Командиры наземных частей, ради прикрытия которых Хрюкин из себя выходил, никого не щадя, молча кивали головами, соглашаясь с командующим.

Но он вывез «пару» с переднего края, обкатал, обсудил, проверил с лучшими воздушными бойцами и от своего не отступал.

За год войны Хрюкин отвердел сердцем. Научился судить о противнике холодно и трезво. Но был легко раним, когда встречал непонимание со стороны своих. Он возражал командующему, словно бы не видя угрюмых командиров-наземников…

Исполненный решимости стоять на Волге до последнего, Тимофей Тимофеевич исповедовал одну общую со всеми веру, отлившуюся со временем в крылатые слова: «За Волгой для нас земли нет!»

Неотделимость сражавшихся войск от города, от правого берега определяла мысли и чувства бойцов, решения командиров. Узнав о танковом прорыве, командиры авиаполков, попавших в полосу таранного удара, не ушли за Волгу, не получив приказа, сместились севернее, в сторону Камышина. «Увертывались и противостояли…» Вместе с тем Тимофей Тимофеевич, глядя правде в глаза, обдумывал, прорабатывал, выносил на Военный совет варианты дислокации, отвечавшие требованиям обстановки, конечной цели беспощадного сражения.

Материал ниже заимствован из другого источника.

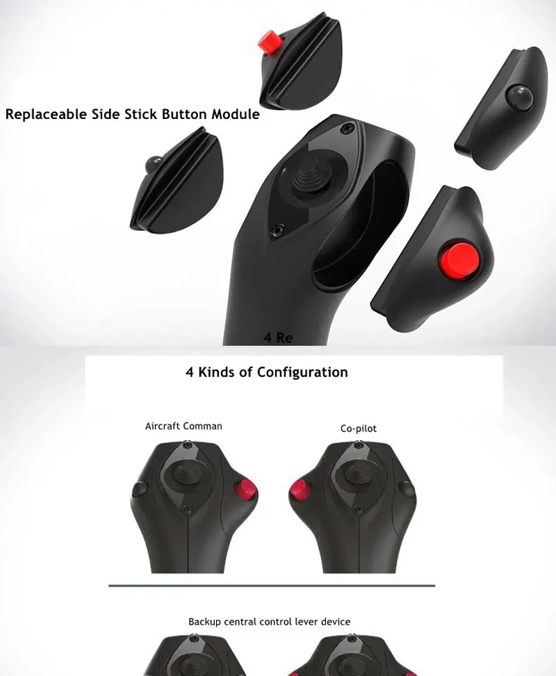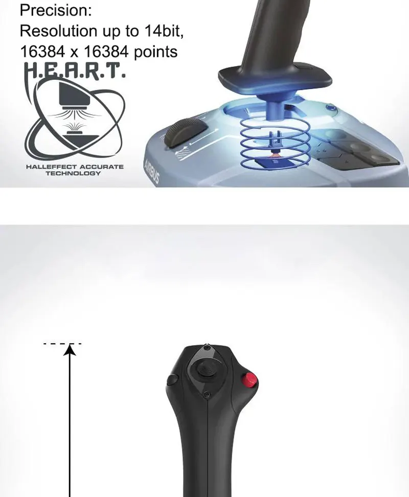 - 1: 1 Reproducción ergonómica: Tanto el bastidor lateral como la válvula de mariposa se derivan de los controles de vuelo clásicos autorizados por Airbus.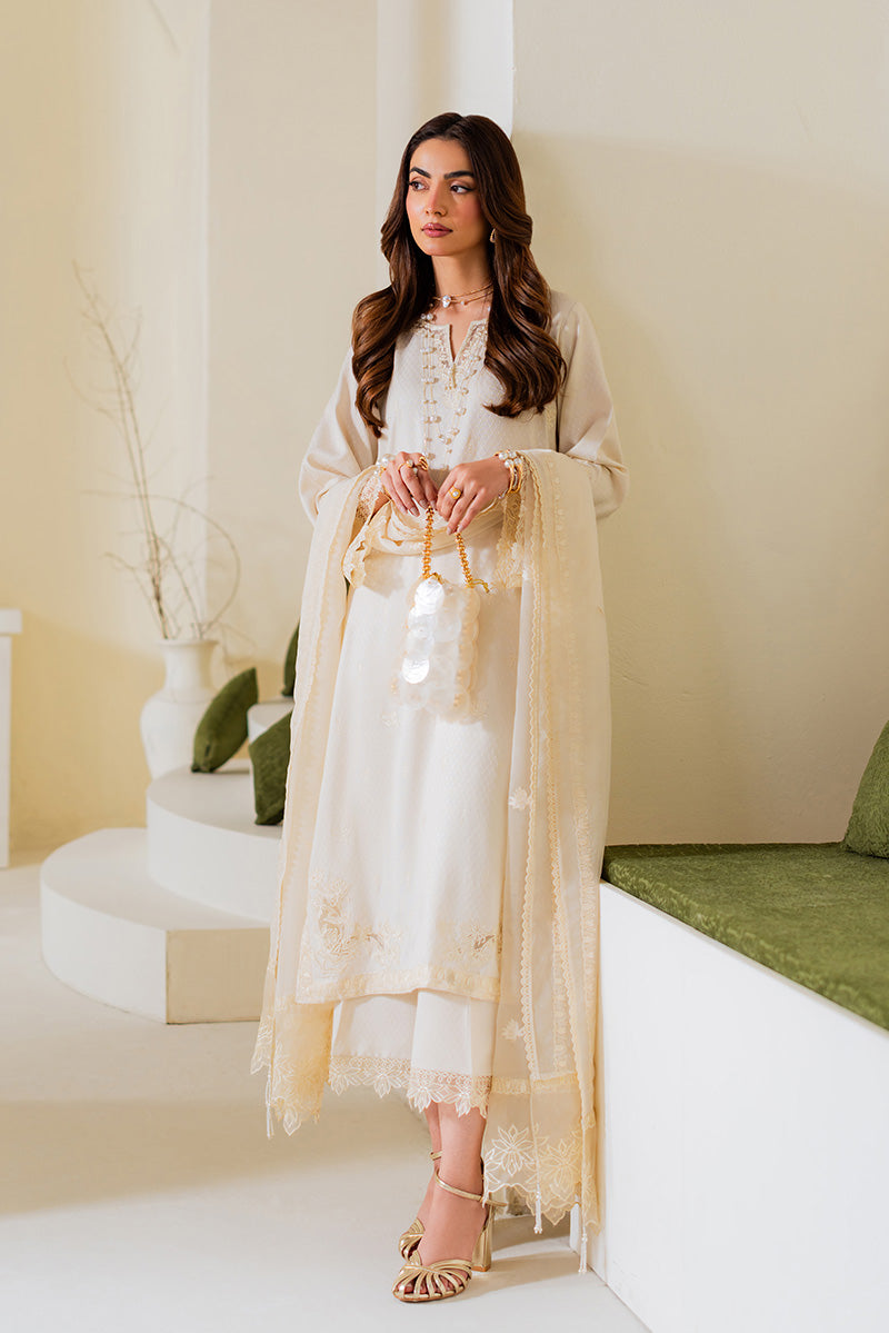 An elegant A-line silhouette crafted to make a statement, this all-over embroidered shirt features a beautifully detailed V-neckline that adds a refined touch. The flared sleeves are enhanced with intricately embroidered cuffs and delicate scalloped edges, bringing graceful movement and charm to the design. Paired with culottes finished with an embroidered hem, the ensemble is completed with a dreamy off-white organza dupatta adorned with cutwork embroidery on the pallu. A timeless choice, perfect for an elevated Eid look and beyond.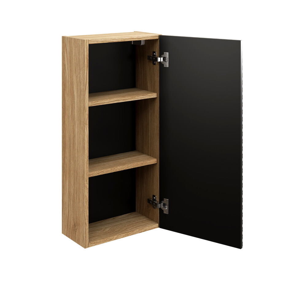 Moderni pakabinama spintelė yra ne tik praktiška, bet ir estetiška. Jos juoda matinė spalva kartu su aliejuotu ąžuolu suteikia elegancijos bet kuriam vonios kambariui. Ši spintelė ne tik taupo erdvę, bet ir suteikia galimybę švariai ir tvarkingai organizuoti jūsų vonios reikmenis.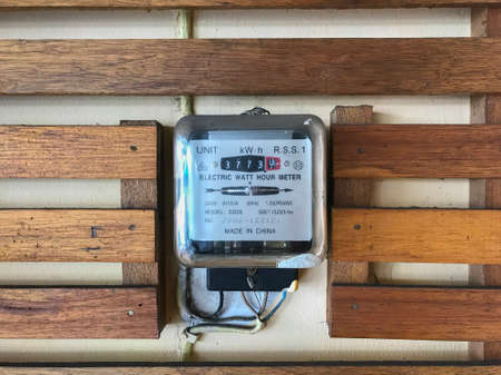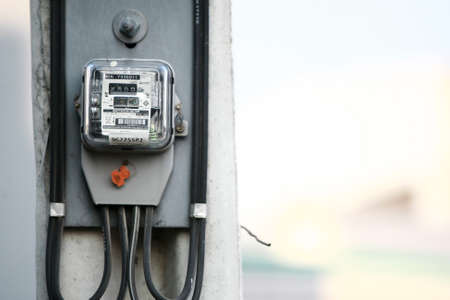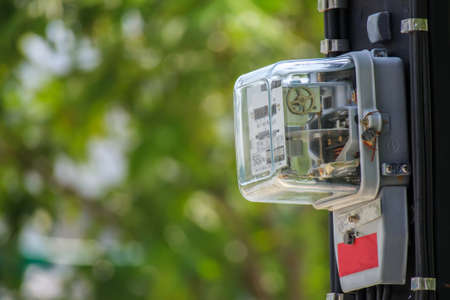 Samut Prakan, Thailand - April 21 2020 : electric power meter on electric pole in the front of house background. electricity meter 220 Volt, 15(45) A, 400 rev/kWh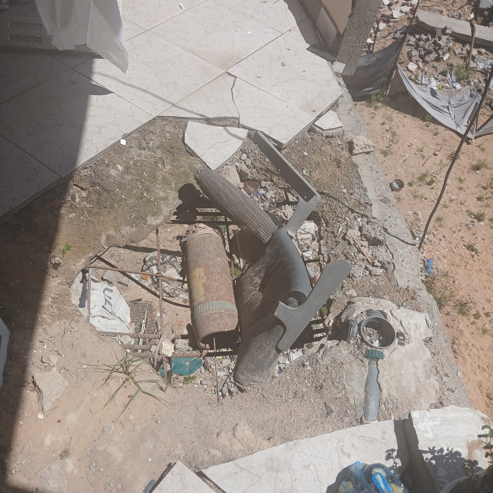 The scene appears to be an outdoor space in disrepair, likely in the city of Gaza, Palestinian Territory, given the visible elements of construction materials and the general environment. The immedia…read more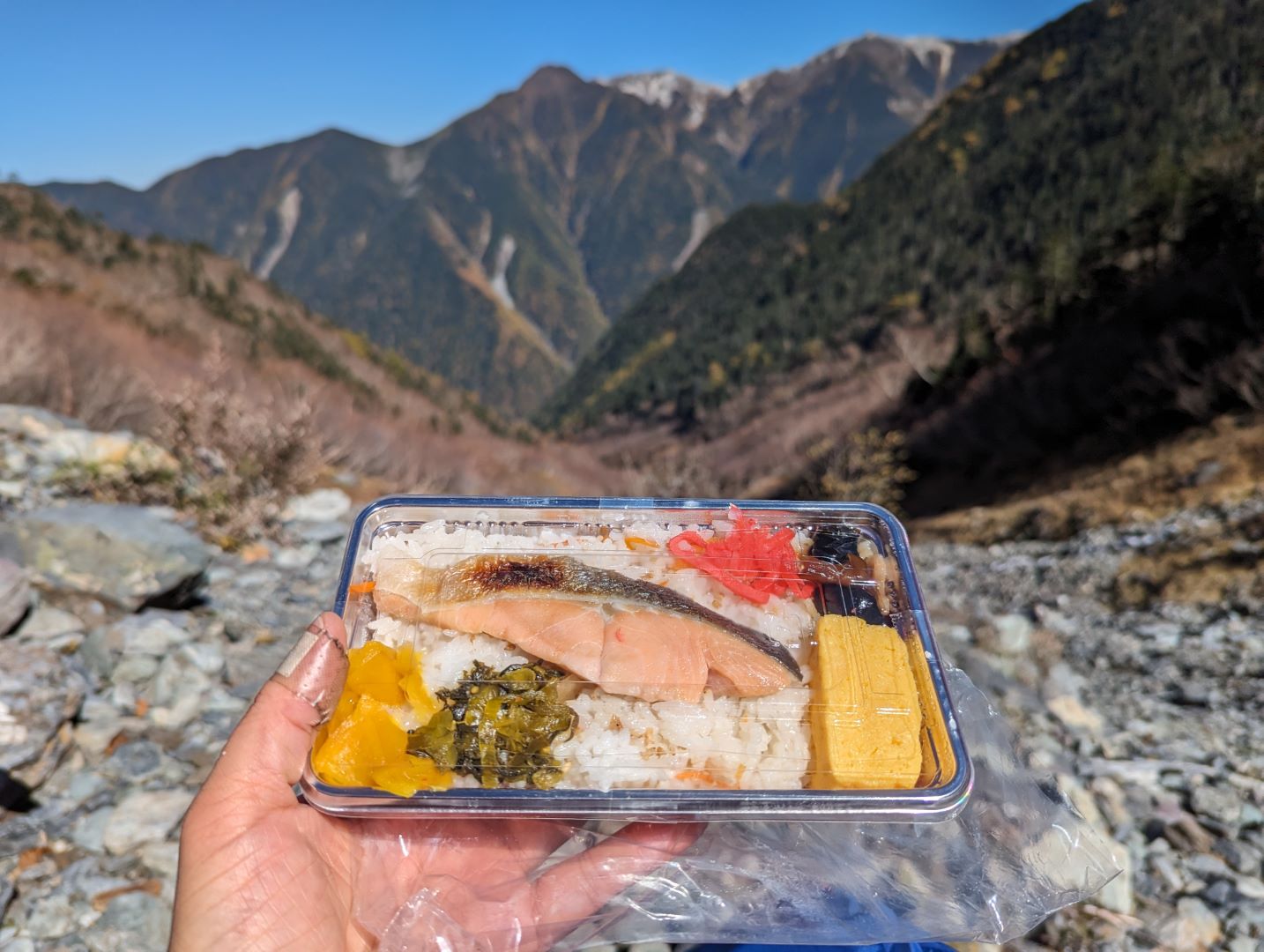 難所を越えてやっと一息できる場所を見つけてお弁当。たくさん食べる人を想定してなのか、すし飯がギュウギュウ詰めになってるのにはちょっと笑った(食べきれなかった)けど、鳳凰三山を眺めながらの美味しくて贅沢なお昼ごはんでした。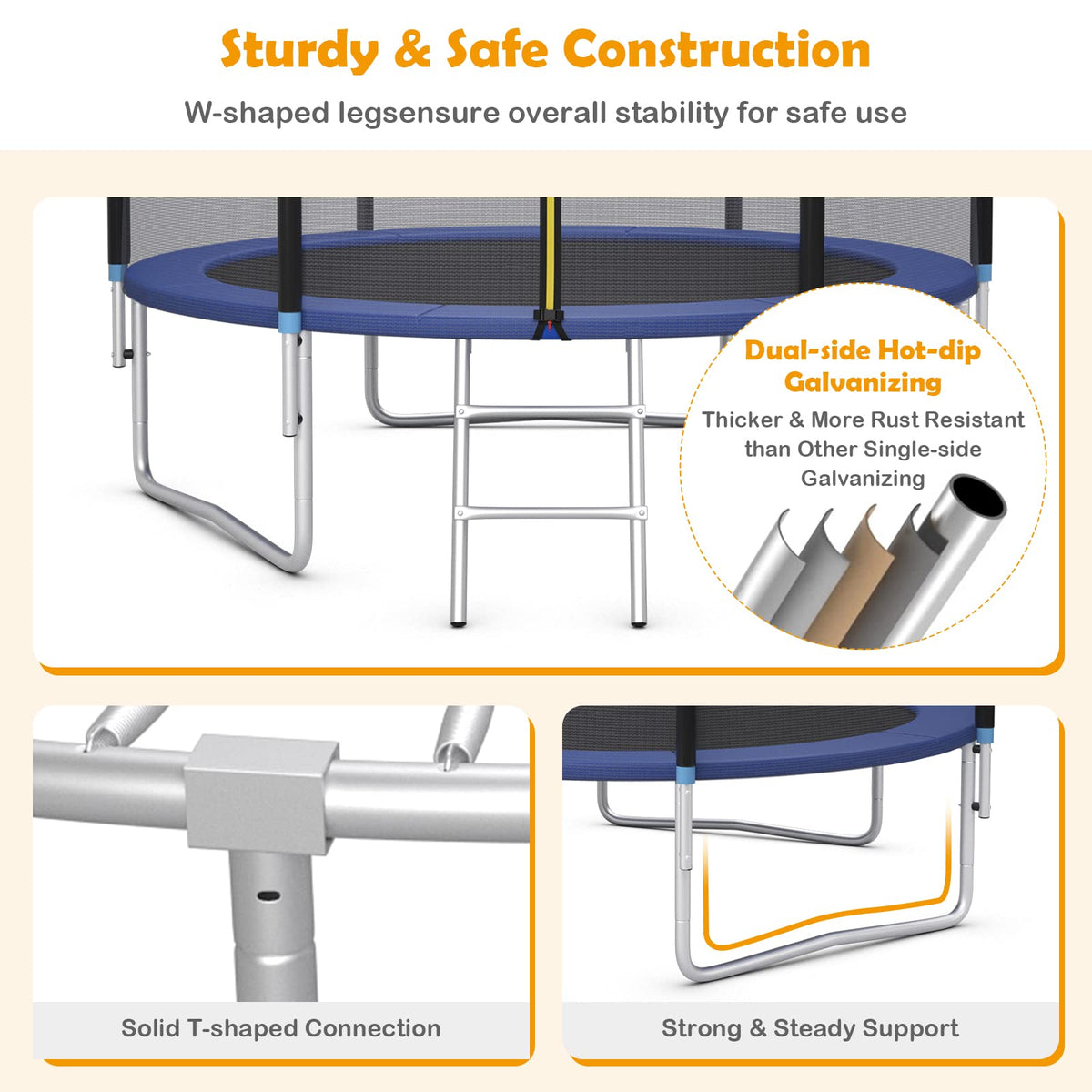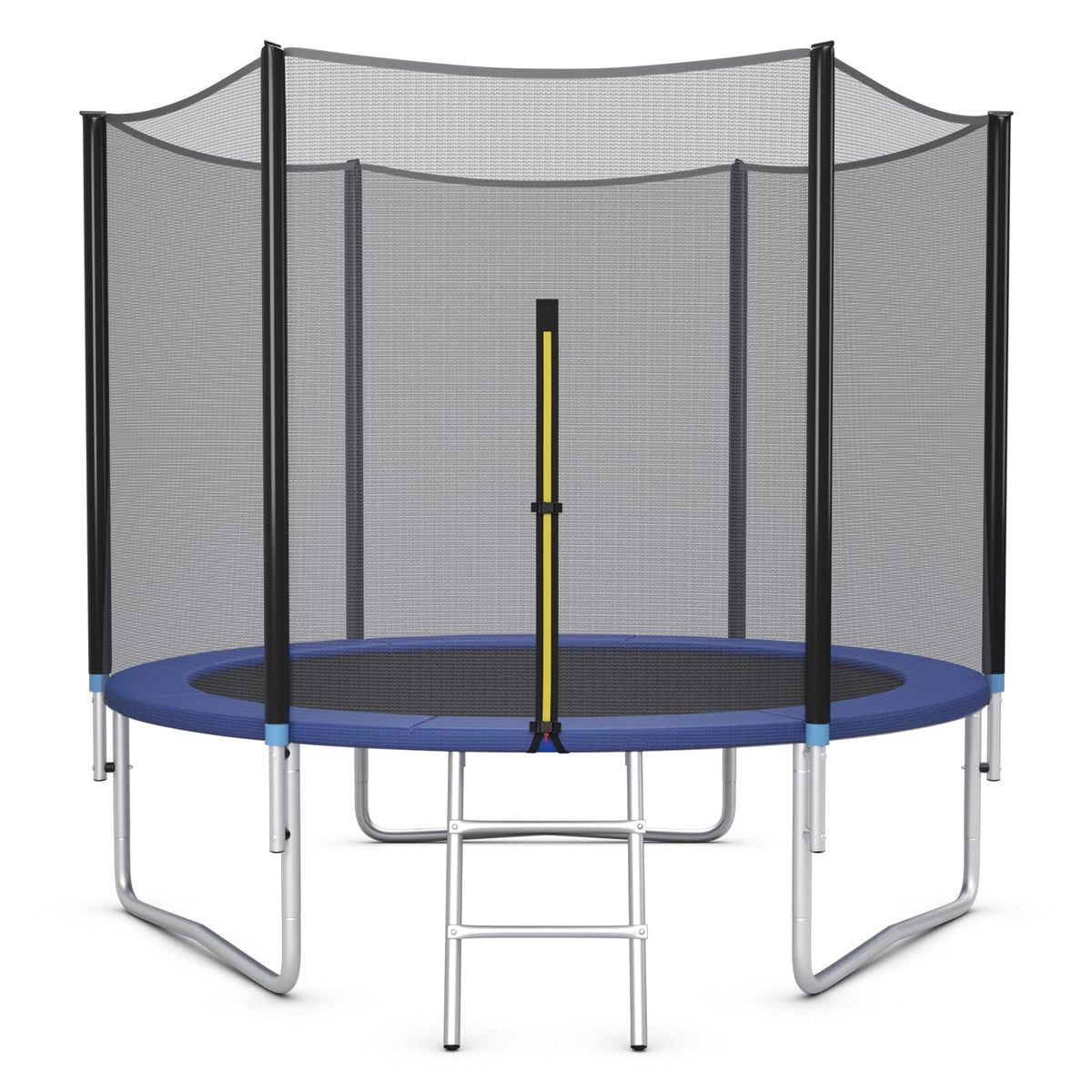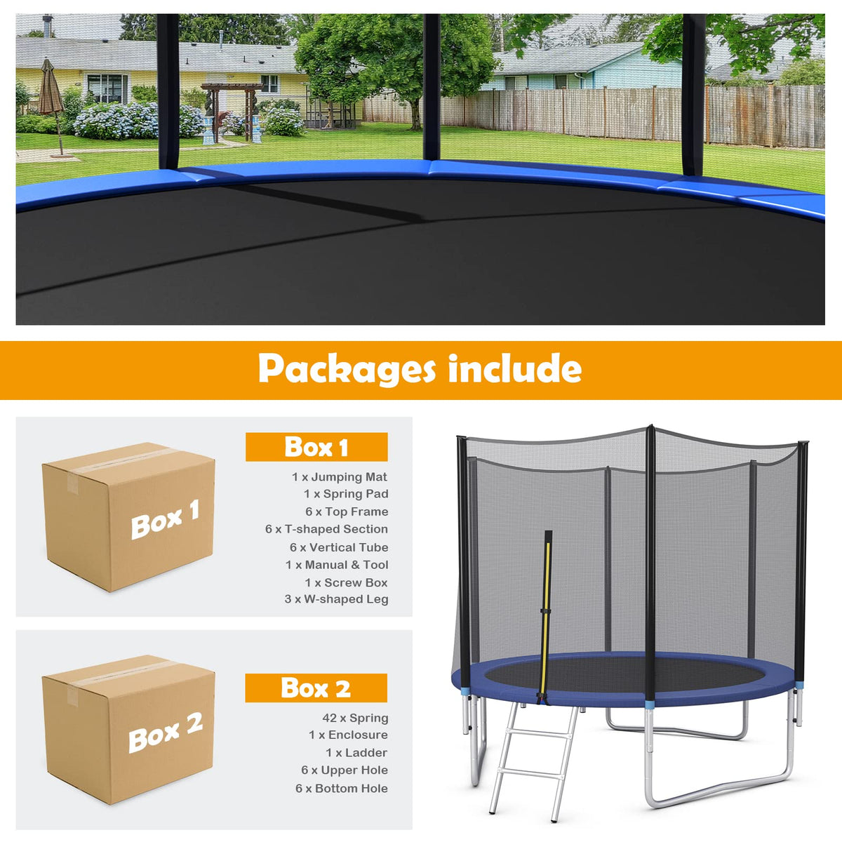 - Easy Installation & Convenient Use: With the installation manual included in the package, you can assemble the trampoline effortlessly. We provide you with six different options (8/ 10/ 12/ 14/ 15/ 16 FT with 42/ 54/ 72/ 80/ 90/ 108 PCS high-extension and rust resistant springs) for choice to satisfy various requirements. Besides, the ladder is equipped with a 2-step ladder for easy access to inner space.
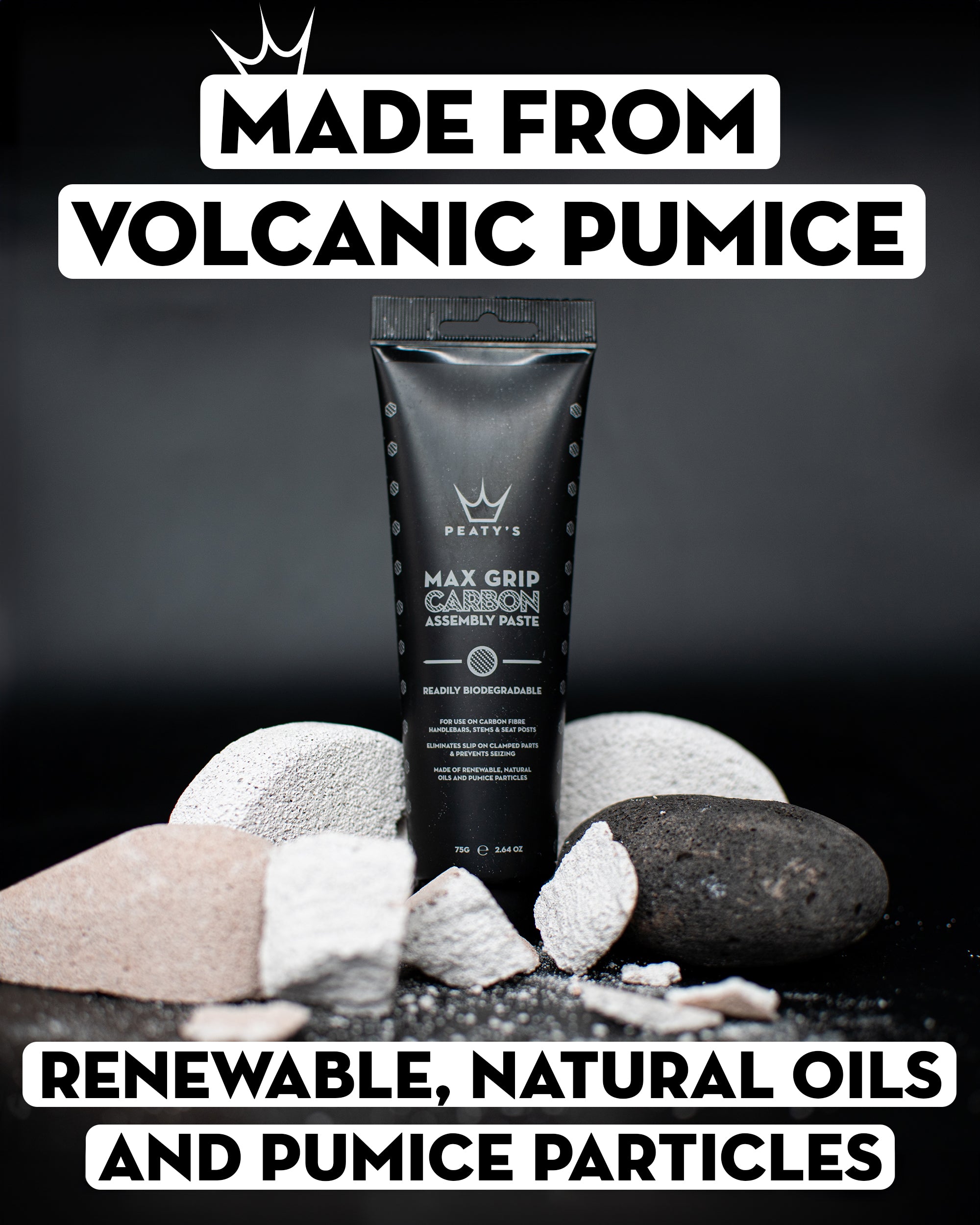Ideal for use on carbon fibre handlebars, stems and seat posts, our carbon assembly paste is a specially formulated blend of 100% renewable, natural oils and ultra-fine non-slip pumice particles.

…Комендант штаба капитан Подобед, на котором от казачьей формы осталась красноверхая кубанка, сдвинутая на затылок, да кинжал с плексигласовой наборной рукояткой, лихо откозыряв ему на крыльце, заулыбался в спину, желая показать бойцам охраны свое короткое знакомство с летчиком-Героем, генералом; полковник, адъютант командующего, встретил его со сдержанной приветливостью и проводил в комнатку командующего.

Кроме сидевшего за столом и не поднявшего головы, а только протянувшего ему руку командующего, в комнатке находился пожилой генерал-пехотинец. Дела он, видимо, закончил, но отпущен не был. Его крестьянское лицо, густая седина головы и выцветшие пшеничные брови показались Хрюкину знакомыми…

– Раз-два! – напомнил командующий адъютанту о каком-то срочном, должно быть, поручении, недовольный тем, что адъютант теряет время с Хрюкиным. «Снарядов нет, патронов нет, личный состав дерется штыком», – вслух и, видимо, не в первый раз прочел командующий лежавшую перед ним радиограмму, как бы разъясняя адъютанту, чем он должен сейчас заниматься. Полковник торопливо вышел.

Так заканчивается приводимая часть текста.